How to concatenate two Dataframes in Python

In this Python tutorial, we will discuss several methods to concatenate two Dataframes in Python. Moreover, we’ll look at various examples to concatenate two Dataframes in Python.

Recently, I have been working on a machine learning project and I have found that it requires two data frames in inputs and combines them into one dataframe. So I researched and found that we have to concatenate two Dataframes in Python.

Here we will learn

  • How to concatenate two Dataframes in Python using concat()
  • How to concatenate two Dataframes in Python using dataframe.append()
  • How to concatenate two Dataframes in Python using dataframe.merge()

Concatenate two Dataframes in Python

In Python, there are primarily three methods that are commonly used and important to understand when concatenating two dataframes in Python.

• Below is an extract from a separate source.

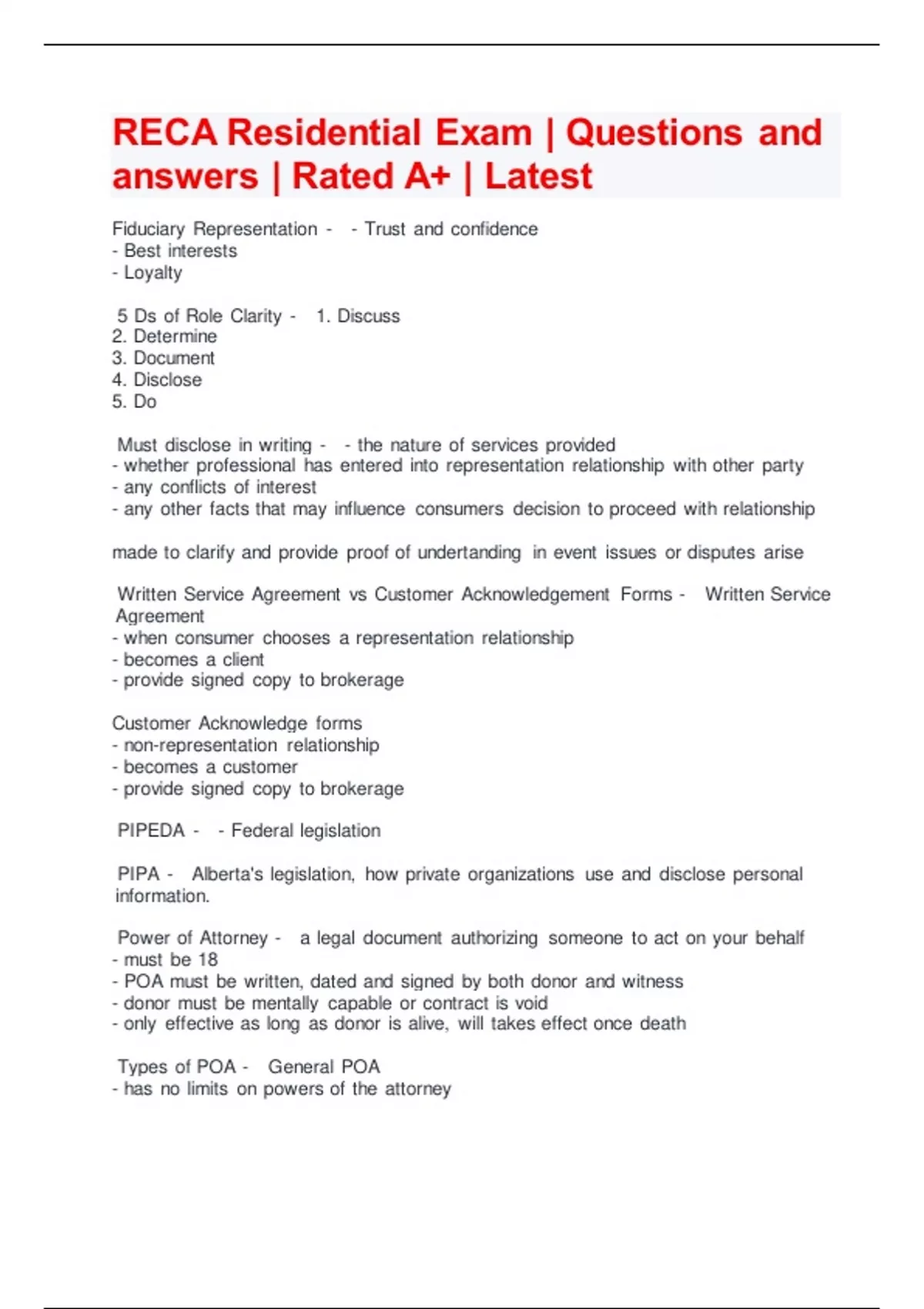 RECA Residential Exam | Questions and answers | Rated A+ | Latest

How to concatenate two Dataframes in Python using concat() function

  • In this section, we will discuss How to concatenate two Dataframes in Python using the concat() function.
  • To combine/concatenate two or more pandas DataFrames across rows or columns, use pandas.concat(). When you concat() two pandas DataFrames on rows, it generates a new DataFrame with all the rows from the two DataFrames; in other words, it appends one DataFrame to another.
  • This function performs set logic on a different axis while merging the data on one axis (row or column) (another index).

Syntax:

Let’s have a look at the syntax and understand the working of pandas.concat() in Python.

pandas.concat
                     (
                      objs,
                      axis=0, 
                      join='outer', 
                      join_axes=None, 
                      ignore_index=False, 
                      keys=None, 
                      levels=None,
                      names=None, 
                      verify_integrity=False,
                      sort=None,
                      copy=True
                    )
  • It consists of a few parameters
    • objs: concatenate a series of Pandas objects.
    • axis: By default, it takes a 0 value and specifies the appropriate handling of the indices on the other axis.
    • join: By default, it takes the outer value.
    • ignore_index: By default, it takes the false value if it is True, a set of indexes will be used instead of the source objects’ indexes.
    • keys: a series to update the result indexes’ identifiers. It is useful for identifying the source items in the output.
    • levels: a list of the various level needed to construct multi-index.
    • names: for the levels of the generated hierarchical index’s names.
    • verify_integrity: Verify if there are any duplicates in the newly concatenated axis.
    • sort: By default, it takes none value if the join is ‘outer’ and it is not already aligned.
    • copy: Don’t copy data excessively if it is False.

Example:

Here we will take an example and check how to concatenate two Dataframes in Python using concat() function.

Source Code:

import pandas as pd
	
data_frame = pd.DataFrame(
	[['U.S.A', 745],
	['Austarlia', 664],
	['Germany', 178]],
	columns=['Country_name', 'values'])

data_frame_2 = pd.DataFrame(
	[['New York', 342],
	['Sydney', 145],
	['Berlin', 980]],
	columns= ['Cities_name', 'values'])

new_list = [data_frame, data_frame_2]

#concatenate dataframes
result = pd.concat(new_list, sort=False)
print(result)

In the following given code first, we imported the Pandas library and then created a first dataframe by using the pd.dataframe() function and within this function, we assigned the country_name along with the value.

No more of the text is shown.